RECORDS TO USE
◆ ◆ ◆ ◆ ◆

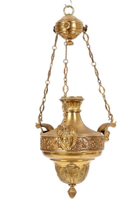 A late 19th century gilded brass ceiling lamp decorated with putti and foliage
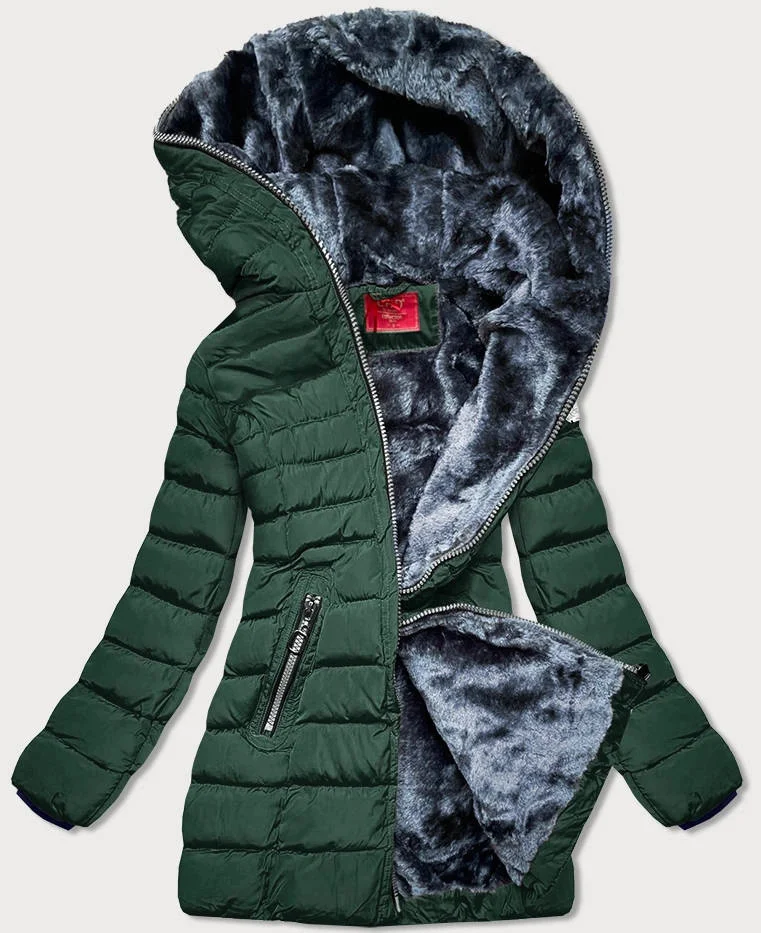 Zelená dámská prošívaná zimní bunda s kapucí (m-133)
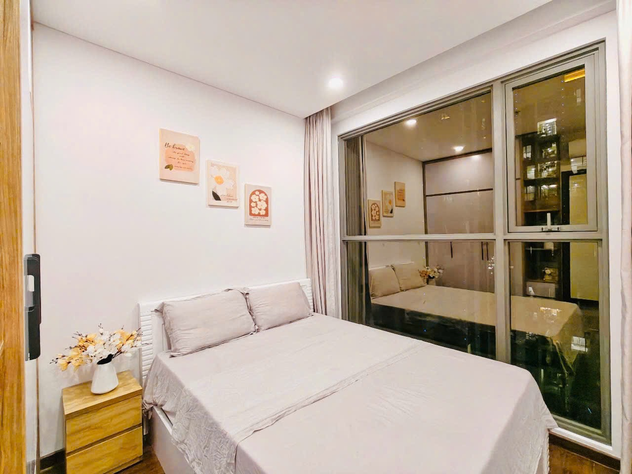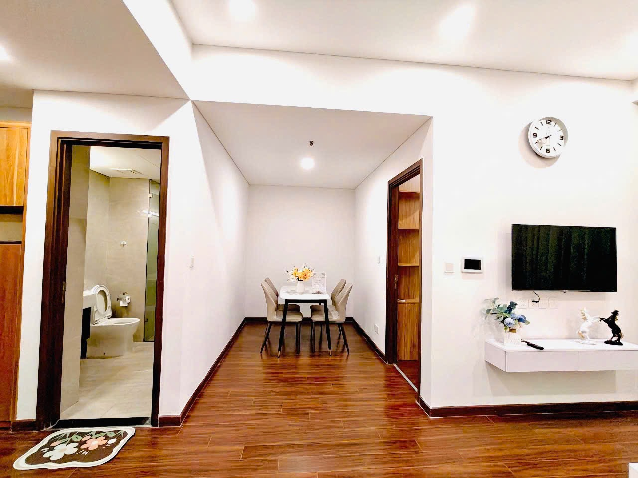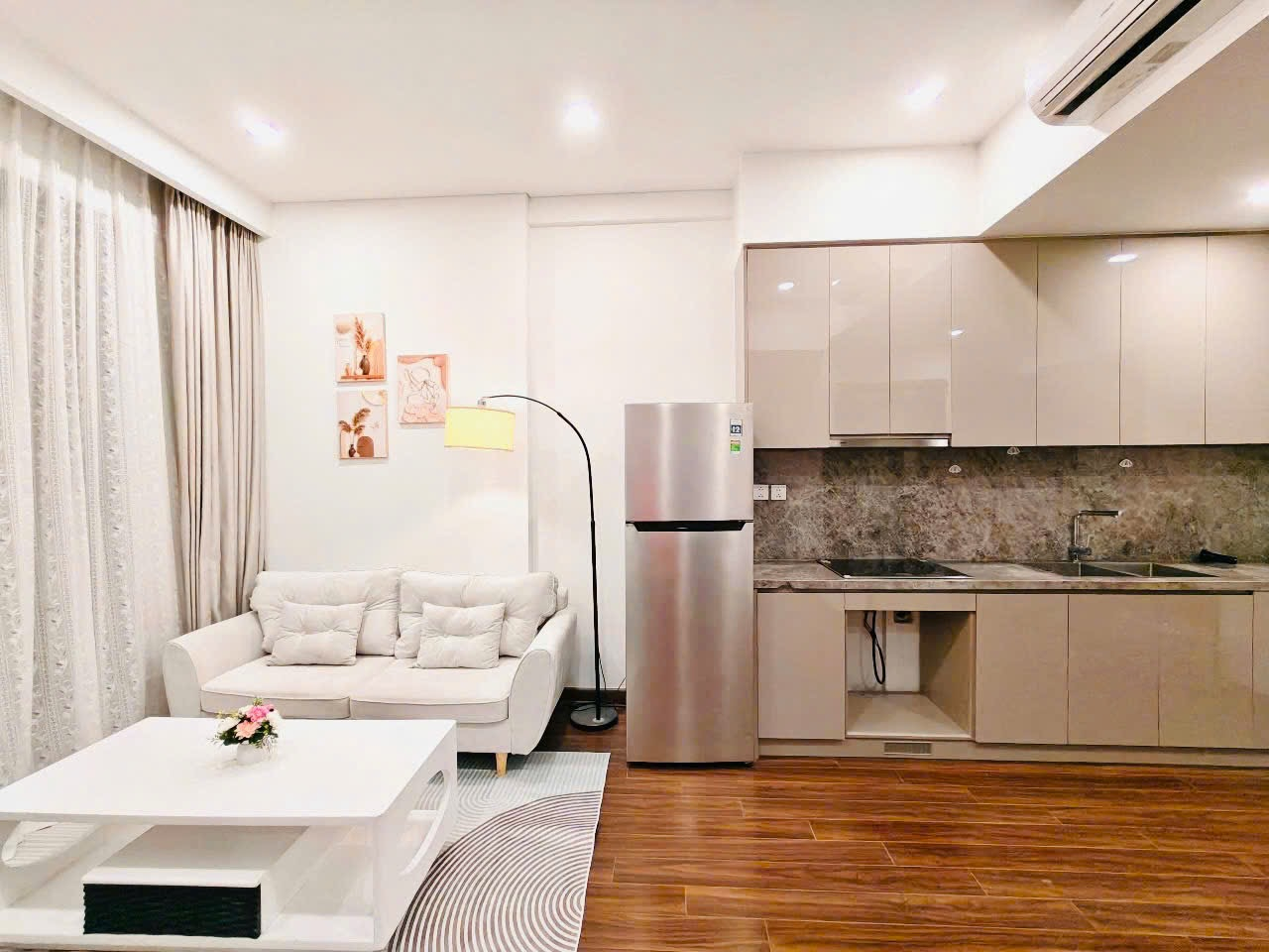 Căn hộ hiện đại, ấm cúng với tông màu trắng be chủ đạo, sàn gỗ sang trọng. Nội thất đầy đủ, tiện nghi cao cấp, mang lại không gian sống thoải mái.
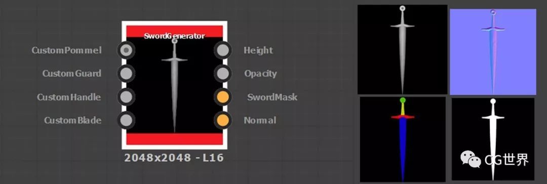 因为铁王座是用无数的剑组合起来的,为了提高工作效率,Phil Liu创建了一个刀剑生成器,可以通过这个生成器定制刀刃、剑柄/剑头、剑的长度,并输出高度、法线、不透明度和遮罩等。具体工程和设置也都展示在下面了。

◆ ◆ ◆ ◆ ◆

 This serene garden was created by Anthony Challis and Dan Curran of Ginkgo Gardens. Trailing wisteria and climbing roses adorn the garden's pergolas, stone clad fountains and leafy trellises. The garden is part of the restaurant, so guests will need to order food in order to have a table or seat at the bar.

◆ ◆ ◆ ◆ ◆

AIM OF THE EXERCISE
Given the listing above, repeat exactly the lines starting at the one with "A late 19th" and ending at the one with "Zelená dámská prošívaná", inclusive, excluding pictures.

WRITTEN RESPONSE
 A late 19th century gilded brass ceiling lamp decorated with putti and foliage
 Zelená dámská prošívaná zimní bunda s kapucí (m-133)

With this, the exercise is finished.